▸ **Work instructions**
Please repeat exactly the lines below from the line with "Фартук 62х75 см, 100%" to the line with "3、找到了以后,点击后面的催", including both, and leave out every picture.

▸ **Record set**
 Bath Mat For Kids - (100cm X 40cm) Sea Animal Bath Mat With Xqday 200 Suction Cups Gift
==
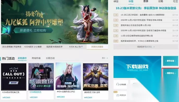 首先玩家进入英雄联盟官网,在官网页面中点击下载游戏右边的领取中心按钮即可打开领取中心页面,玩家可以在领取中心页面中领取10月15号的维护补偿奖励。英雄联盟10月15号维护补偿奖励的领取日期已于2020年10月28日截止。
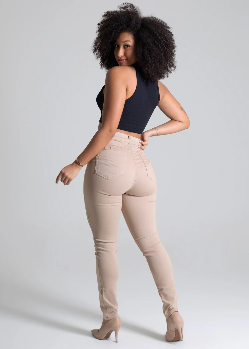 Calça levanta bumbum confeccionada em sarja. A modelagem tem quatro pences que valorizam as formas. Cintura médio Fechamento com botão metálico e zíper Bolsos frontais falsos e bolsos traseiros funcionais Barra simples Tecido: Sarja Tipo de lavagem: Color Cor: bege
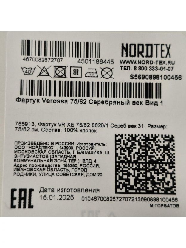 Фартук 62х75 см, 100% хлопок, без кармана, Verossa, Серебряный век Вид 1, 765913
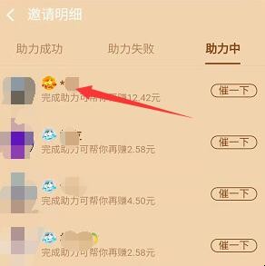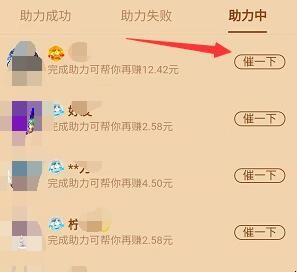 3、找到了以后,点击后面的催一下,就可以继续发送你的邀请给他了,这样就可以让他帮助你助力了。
--
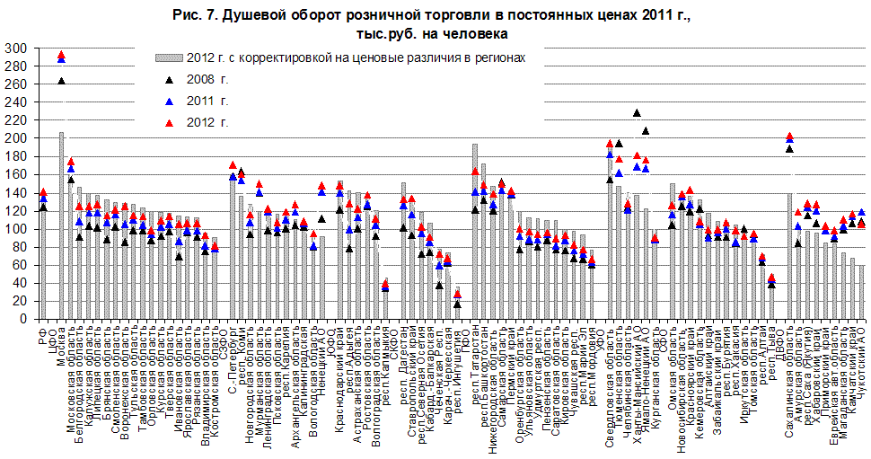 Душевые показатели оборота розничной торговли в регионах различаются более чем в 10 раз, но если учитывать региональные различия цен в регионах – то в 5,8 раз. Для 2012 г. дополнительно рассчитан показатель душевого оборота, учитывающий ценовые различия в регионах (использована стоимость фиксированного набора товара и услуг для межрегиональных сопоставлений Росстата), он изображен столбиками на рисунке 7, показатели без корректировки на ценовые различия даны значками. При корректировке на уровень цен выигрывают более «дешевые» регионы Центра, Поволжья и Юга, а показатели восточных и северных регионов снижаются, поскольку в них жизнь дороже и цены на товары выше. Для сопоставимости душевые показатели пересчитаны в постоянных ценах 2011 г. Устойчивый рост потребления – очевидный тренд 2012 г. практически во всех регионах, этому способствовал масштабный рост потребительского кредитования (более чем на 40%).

▸ **Task solution**
 Фартук 62х75 см, 100% хлопок, без кармана, Verossa, Серебряный век Вид 1, 765913
 3、找到了以后,点击后面的催一下,就可以继续发送你的邀请给他了,这样就可以让他帮助你助力了。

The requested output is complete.